US guilty of ‘gross miscarriages of justice’ in order to justify Guantanamo – study

Flags fly above the sign for Camp Justice, the site of the U.S. war crimes tribunal compound, at Guantanamo Bay U.S. Naval Base in Cuba. © Brennan Linsley
A study by Afghan-based research group came to troubling conclusions regarding the US government’s handling of Guantanamo Bay, finding it used bad intelligence and rigged its own legal system to justify detentions, thus prolonging the Afghan war.

The author of the study by the Afghan Analysts Network says systemic ignorance of reality by both intelligence and military, as well as attempts to justify the War on Terror by any means necessary, have created a mechanism that only prolonged the conflict – America’s longest in history – and strengthened the Taliban insurgency.

Author Kate Clark delves deep into the case of eight remaining Afghans at Guantanamo. Their varying stories are used as case studies for how badly things can go wrong if bad intelligence is being upheld by a rigged justice system.

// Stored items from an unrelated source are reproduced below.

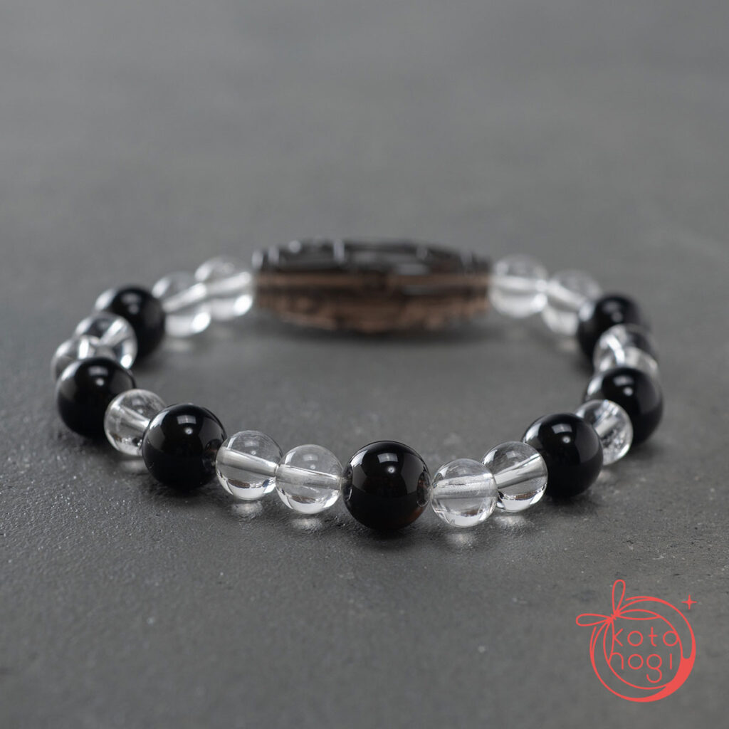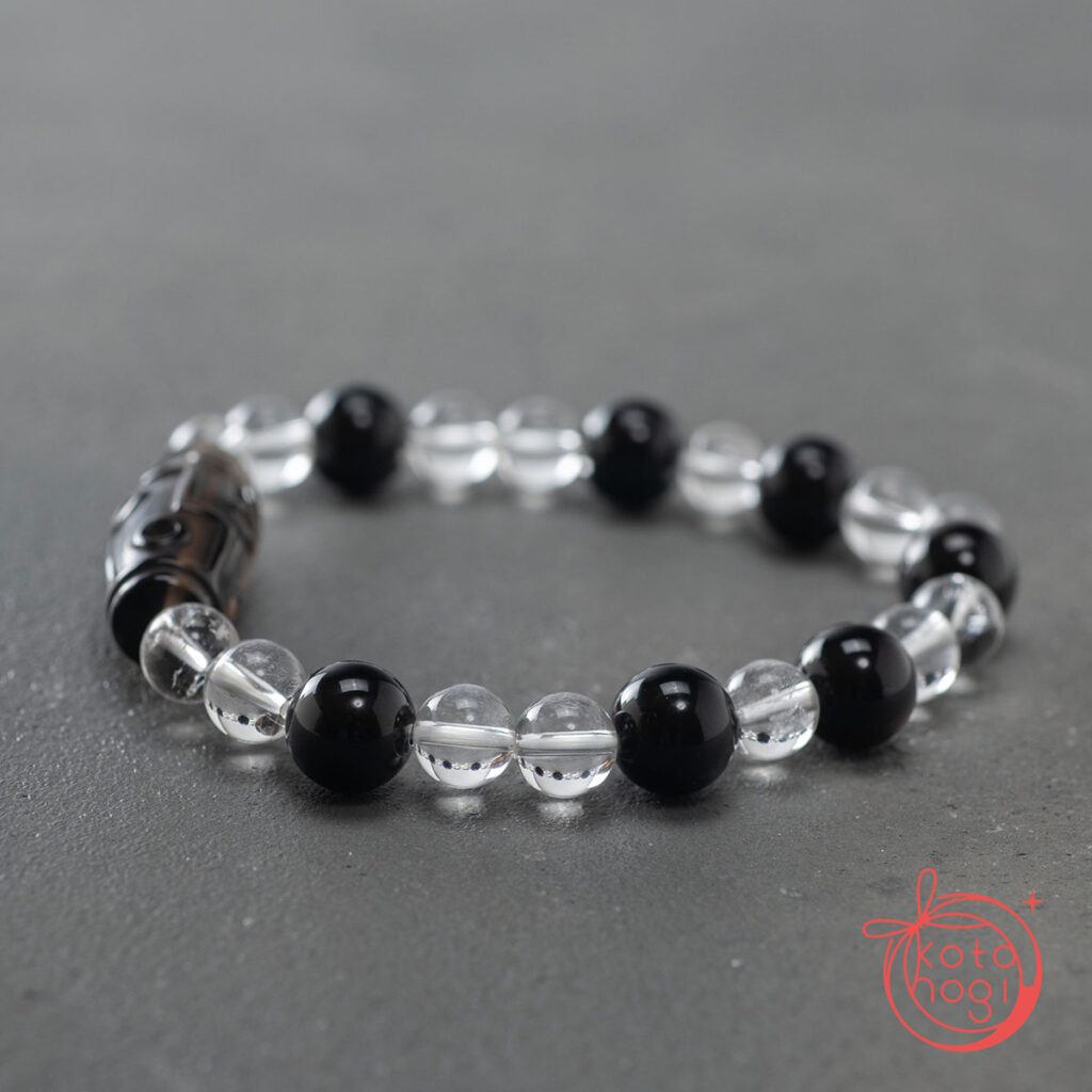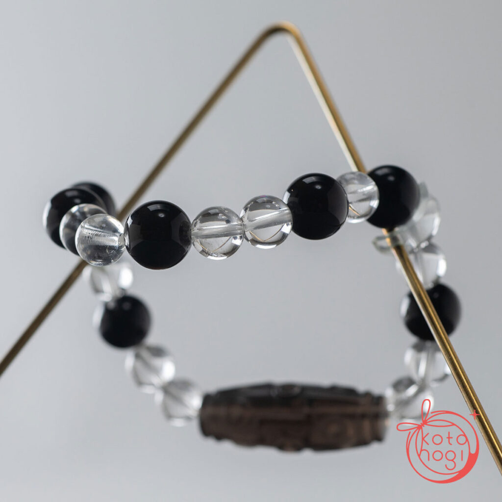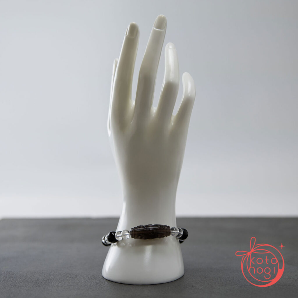 厄を祓い、停滞を抜けて流れを整えるために組み上げた一本。 スモーキークォーツの九眼天珠を中心に、チベット産モリオンとヒマラヤ水晶を合わせました。逆境をしなやかに乗り越え、状況を好転へ導く守りのブレスレットです。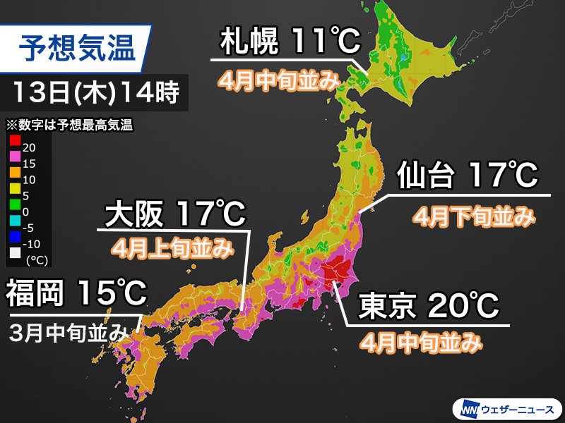 | 東京 | 20 ℃ | +6 | 4月中旬並 |
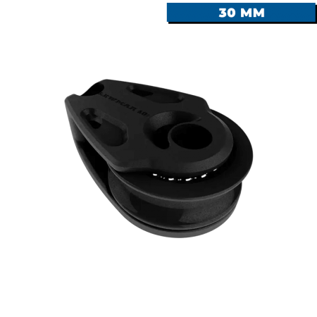 The Lewmar Control plat-ball-bearing deck block with 30 mm sheave is mounted flush with the deck for clean rope passage and precise manual adjustment. Ultra-light at 19 g, it supports a working load of 200 kg and reduces friction thanks to its stainless steel ball bearing. Its MRT long-fiber design resists shocks, and its ventilated cheeks make it easy to rinse off salt and sand.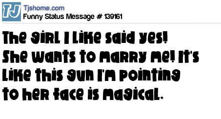 X says The girl I like said yes! She wants to marry me! It's like this gun I'm pointing to her face is magical.

The eight are the longest-serving inmates, all of whom are either still at Guantanamo, or have been transferred to UAE facilities. Of the eight, six were captured in the early days of groundless arbitrary  detentions. The report, based on a wealth of documents and testimony, found that the “in none of the eight cases” has the US military “been able to substantiate its accusations.” Moreover, the special boards set up to ensure only enemy combatants were detained, failed in the basic task of clearing out “obvious, multiple mistakes” from detainee files – something that all but ensured wrongful detention.

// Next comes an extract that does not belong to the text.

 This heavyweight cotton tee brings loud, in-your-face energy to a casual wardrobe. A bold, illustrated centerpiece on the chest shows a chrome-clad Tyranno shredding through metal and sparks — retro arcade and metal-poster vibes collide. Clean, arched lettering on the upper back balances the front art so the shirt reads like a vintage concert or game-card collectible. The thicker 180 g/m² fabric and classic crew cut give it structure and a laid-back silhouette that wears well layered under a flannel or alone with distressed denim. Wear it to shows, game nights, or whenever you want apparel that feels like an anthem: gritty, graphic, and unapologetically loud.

And finally, it was found that the faltering justice mechanism was unwilling to stand up to the executive: “they have failed to question what the government has asserted or protect individuals from the arbitrary power of the state,” Clark writes.

“Reading through the United States military and court documents outlining the allegations and evidence against these eight men, one enters a Kafkaesque world of strange, vague accusations, rife with hearsay, secret evidence, bad translations, gross errors of fact and testimony obtained under duress and torture,” she recounts.

The mistakes take root at the start of the conflict, when the US had used local allies to round up possible terrorists. It is anyone’s guess what methodology they had used. Quite often, an innocent would be snatched off the streets because his accuser was settling an old score, according to the study.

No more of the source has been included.